Code generation

Question

Code generation

6r1d opened this issue 3 years ago · comments

Hello. As far as I understand, and correct me if I'm wrong, it's possible to add more sample texts on the topic to the new versions of The Pile.

This is a list I can think of right now. It is probably very wrong in regards to many things, I have no experience in preparing such datasets. If scraping some of the sites will be considered useful, I can try to help.
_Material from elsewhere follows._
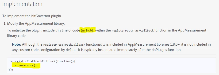 The first part (registerPostTrackCallback) instructs AppMeasurement to call s.governor after every beacon is sent to AA.

Rosetta Code as a set of algorithm implementation examples
A bunch of other sites, similar to RosettaCode
Some examples from freeCodeCamp, potentially
YouMightNotNeedJquery, although it might require adding explanations along the way
To be honest, my understanding on having a good dataset for browser things is very, very vague: GPT-3 created React stuff 1, 2 already
Linux kernel, maybe just some modules
Graphics — VKGuide and Vulkan Tutorial for Vulkan, NeHE for OpenGL code
Shaders — shadertoy.com as a collection of shaders (if it's allowed), 2D SDFs, 3D SDFs for understanding shapes, ray-surface intersectors to improve it
Sound algorithms — musicdsp.org as a set of references, sndkit and Soundpipe as a set of implementations, VCV Rack's "fundamental" part for more implementations of sound algorithms
OSDev wiki

I'm sure I'm missing quite a few of good ideas here. There are many algorithm implementations inside the programming language code (Python batteries, for example), and there are many LibC implementations, to have a look at, as well.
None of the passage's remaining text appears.